Work instruction: Would you please repeat exactly the entries below, starting at the line with "Union Bank of" and ending at the line with "City of Keen", and nothing outside that range? Leave out the pictures.

Exercise data:
-------------------------
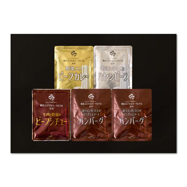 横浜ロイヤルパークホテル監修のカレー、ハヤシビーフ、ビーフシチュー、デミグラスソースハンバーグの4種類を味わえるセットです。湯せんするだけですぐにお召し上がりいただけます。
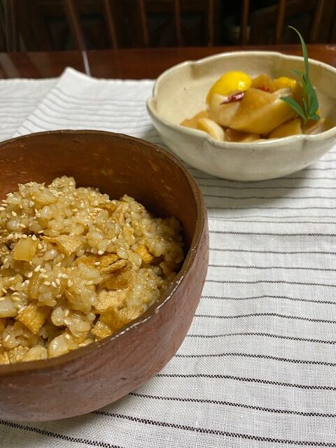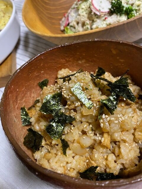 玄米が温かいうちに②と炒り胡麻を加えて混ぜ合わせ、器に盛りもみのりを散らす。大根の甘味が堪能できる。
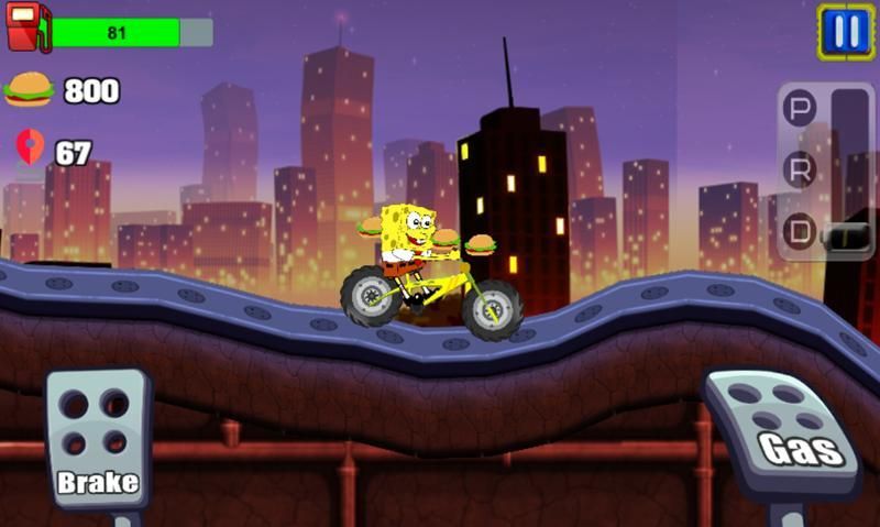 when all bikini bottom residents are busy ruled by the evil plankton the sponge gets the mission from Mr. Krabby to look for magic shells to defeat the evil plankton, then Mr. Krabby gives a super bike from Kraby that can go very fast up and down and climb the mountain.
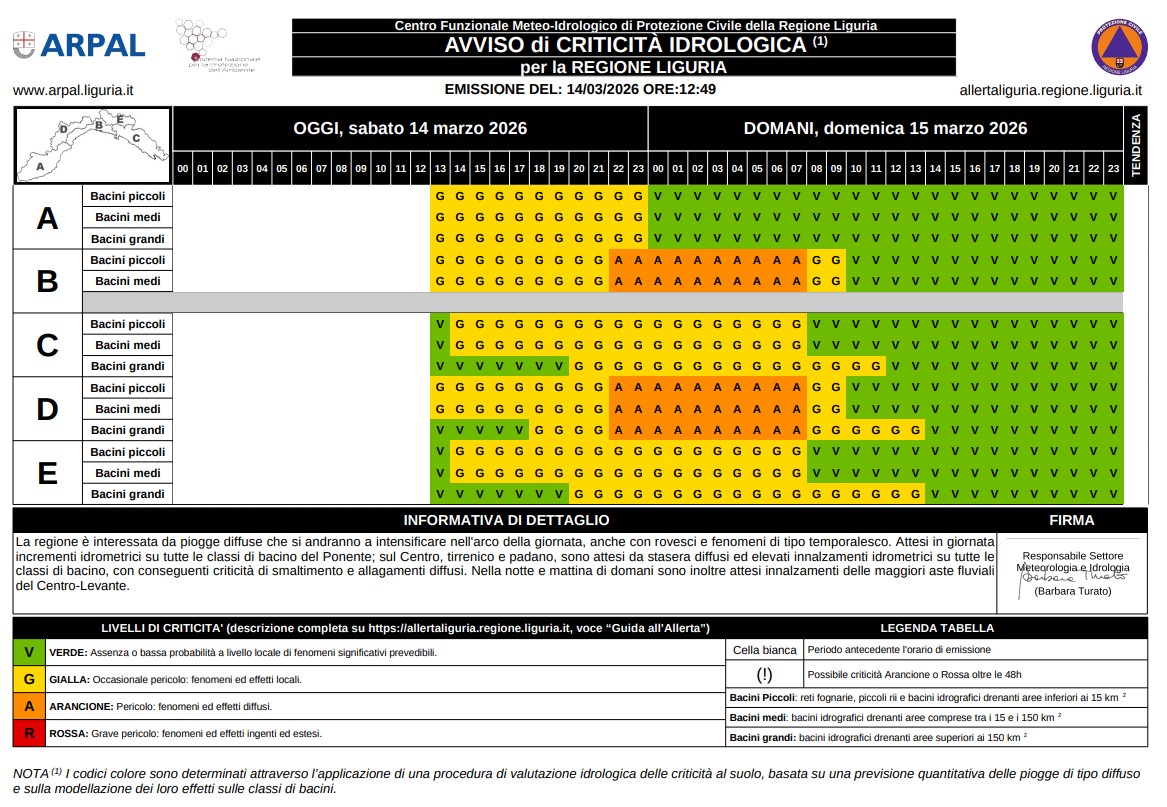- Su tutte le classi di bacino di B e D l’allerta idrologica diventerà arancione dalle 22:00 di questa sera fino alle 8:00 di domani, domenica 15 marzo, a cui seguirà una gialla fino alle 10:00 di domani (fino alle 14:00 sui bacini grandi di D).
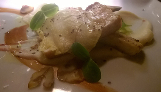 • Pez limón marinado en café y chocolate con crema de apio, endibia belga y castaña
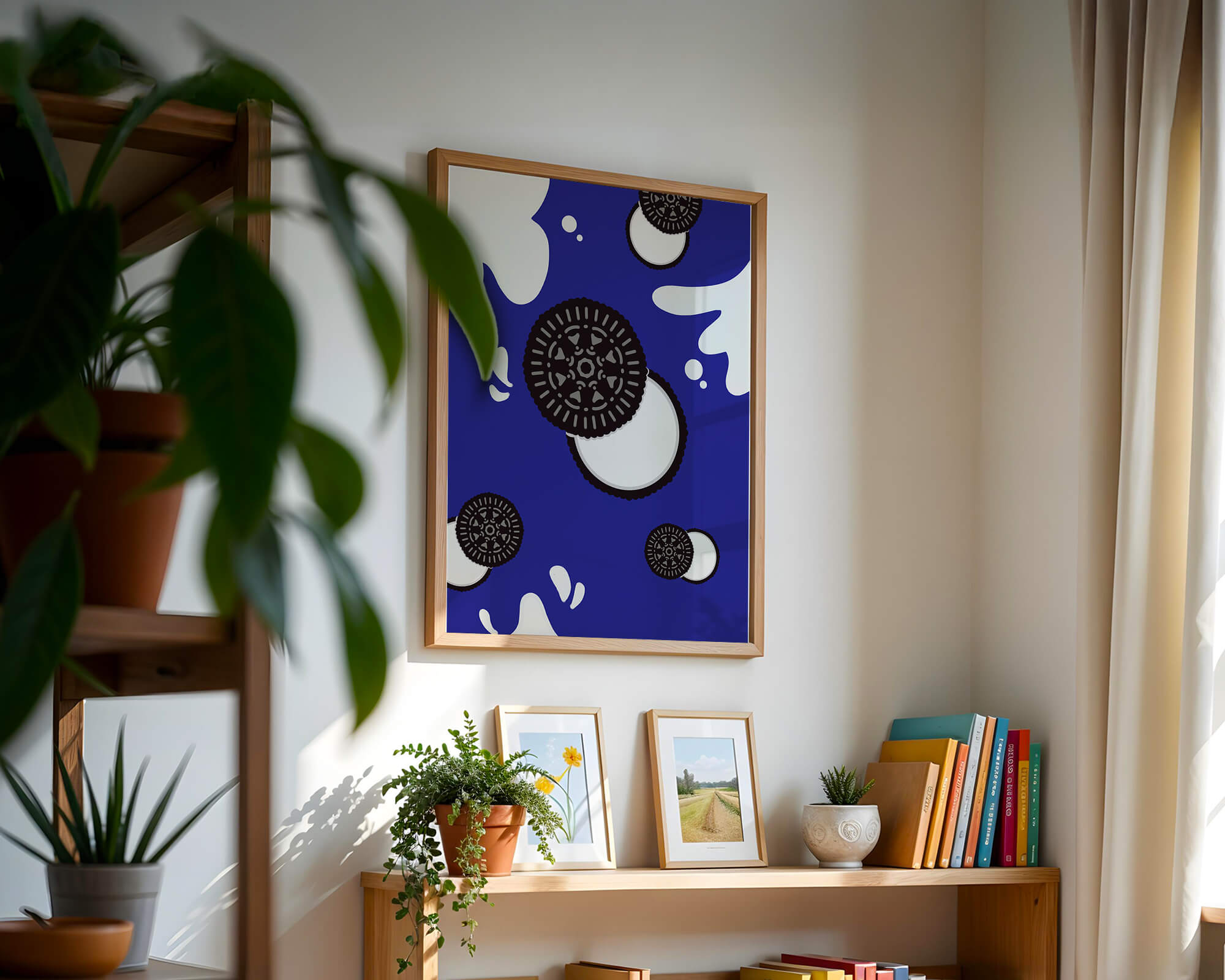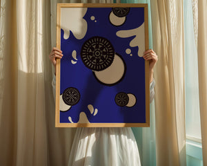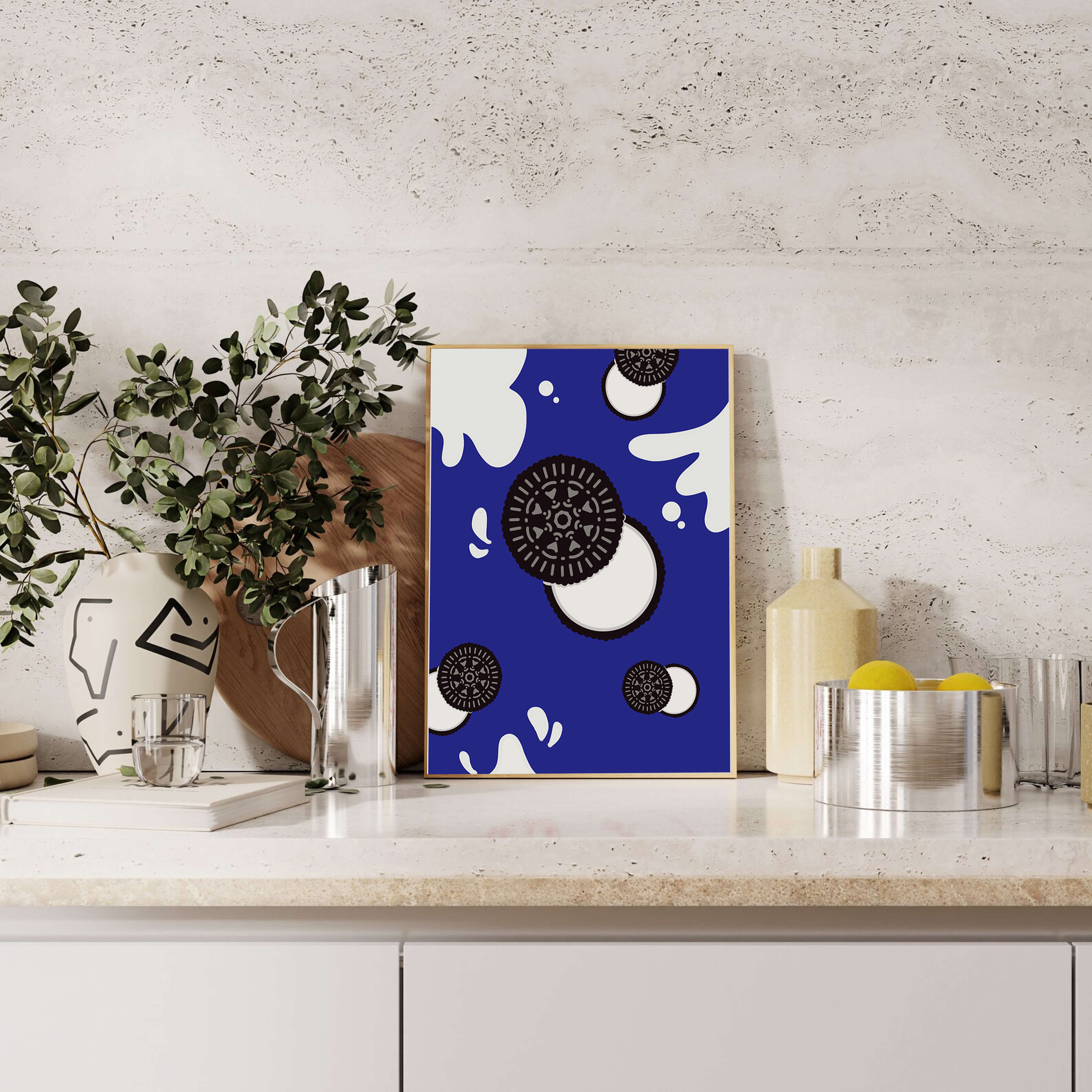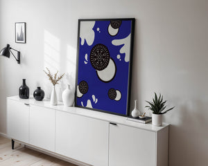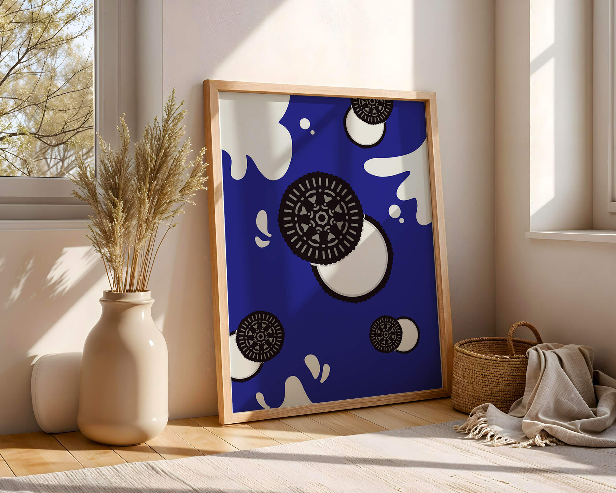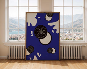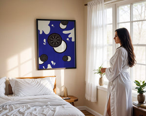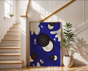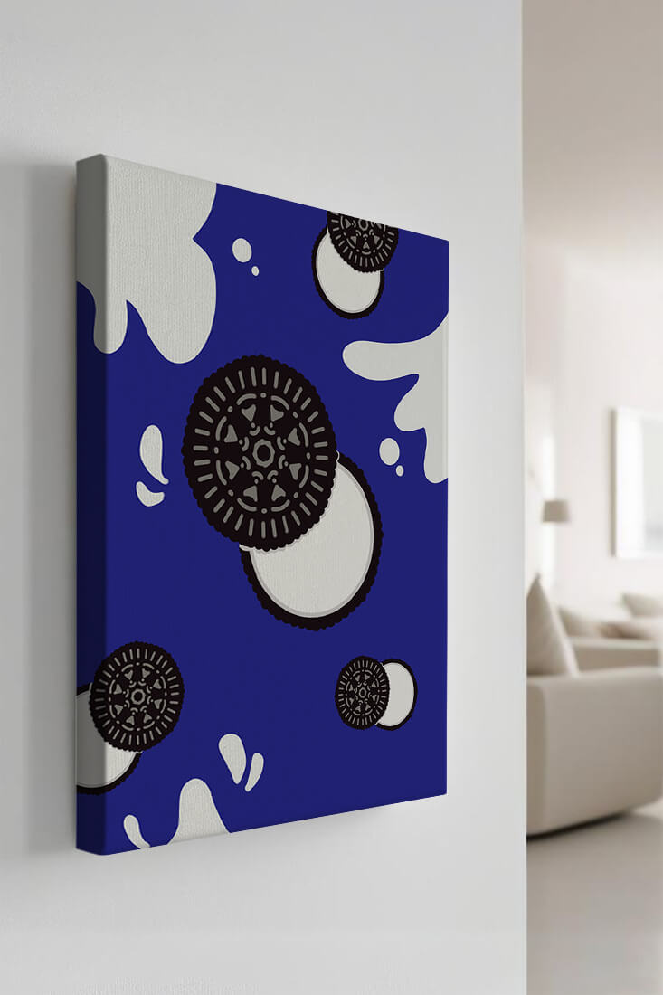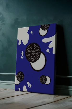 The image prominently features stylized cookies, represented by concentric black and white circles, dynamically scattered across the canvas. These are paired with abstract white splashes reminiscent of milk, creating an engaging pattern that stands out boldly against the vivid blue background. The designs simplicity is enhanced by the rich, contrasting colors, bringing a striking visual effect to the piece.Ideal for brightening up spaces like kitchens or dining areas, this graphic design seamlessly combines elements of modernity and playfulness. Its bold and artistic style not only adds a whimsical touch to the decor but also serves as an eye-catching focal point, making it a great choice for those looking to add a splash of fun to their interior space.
-------------------------
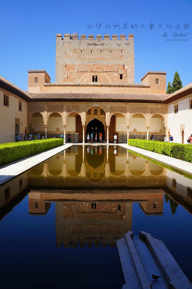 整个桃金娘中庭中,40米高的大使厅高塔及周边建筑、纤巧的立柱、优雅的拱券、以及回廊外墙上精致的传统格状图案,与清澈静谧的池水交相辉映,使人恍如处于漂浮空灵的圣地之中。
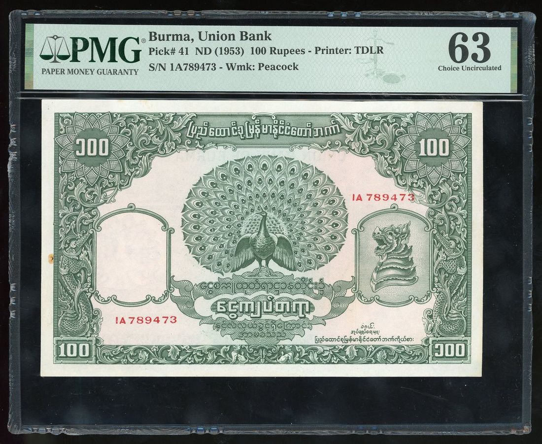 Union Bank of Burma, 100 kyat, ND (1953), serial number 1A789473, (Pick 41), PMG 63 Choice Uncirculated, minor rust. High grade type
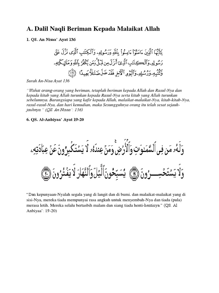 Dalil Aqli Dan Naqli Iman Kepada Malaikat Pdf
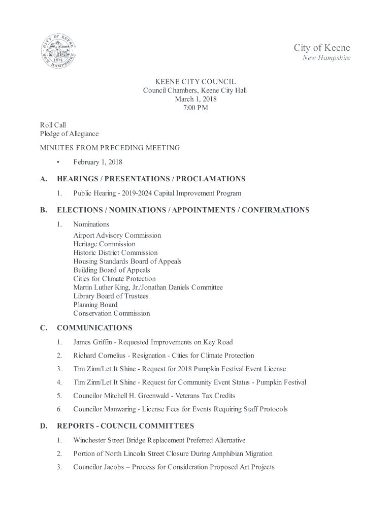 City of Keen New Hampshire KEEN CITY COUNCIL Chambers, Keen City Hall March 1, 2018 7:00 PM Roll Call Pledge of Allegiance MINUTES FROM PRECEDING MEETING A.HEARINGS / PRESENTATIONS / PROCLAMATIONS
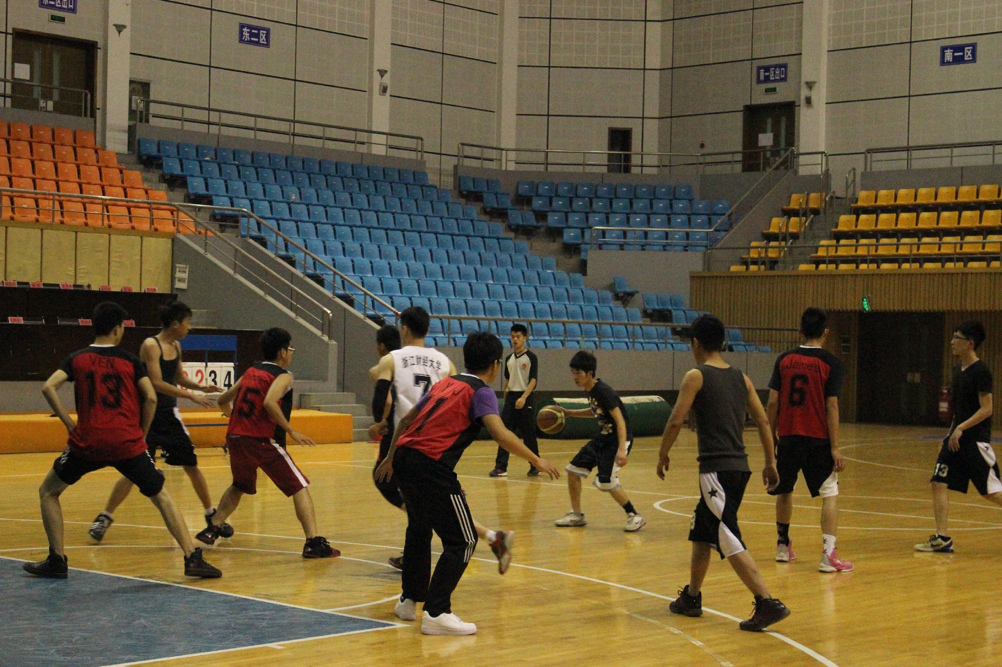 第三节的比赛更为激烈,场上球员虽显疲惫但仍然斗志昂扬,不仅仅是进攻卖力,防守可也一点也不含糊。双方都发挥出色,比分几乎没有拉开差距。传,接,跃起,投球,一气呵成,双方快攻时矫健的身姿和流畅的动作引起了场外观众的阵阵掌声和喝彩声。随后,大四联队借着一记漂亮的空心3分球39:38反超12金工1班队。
-------------------------
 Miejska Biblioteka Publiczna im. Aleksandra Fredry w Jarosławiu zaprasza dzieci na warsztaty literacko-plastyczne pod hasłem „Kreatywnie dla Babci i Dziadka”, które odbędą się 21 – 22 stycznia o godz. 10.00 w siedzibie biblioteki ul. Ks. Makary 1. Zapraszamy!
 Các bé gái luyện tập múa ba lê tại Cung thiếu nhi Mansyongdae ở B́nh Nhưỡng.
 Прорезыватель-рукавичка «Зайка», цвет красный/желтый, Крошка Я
-------------------------
Solution to the exercise:
 Union Bank of Burma, 100 kyat, ND (1953), serial number 1A789473, (Pick 41), PMG 63 Choice Uncirculated, minor rust. High grade type
 Dalil Aqli Dan Naqli Iman Kepada Malaikat Pdf
 City of Keen New Hampshire KEEN CITY COUNCIL Chambers, Keen City Hall March 1, 2018 7:00 PM Roll Call Pledge of Allegiance MINUTES FROM PRECEDING MEETING A.HEARINGS / PRESENTATIONS / PROCLAMATIONS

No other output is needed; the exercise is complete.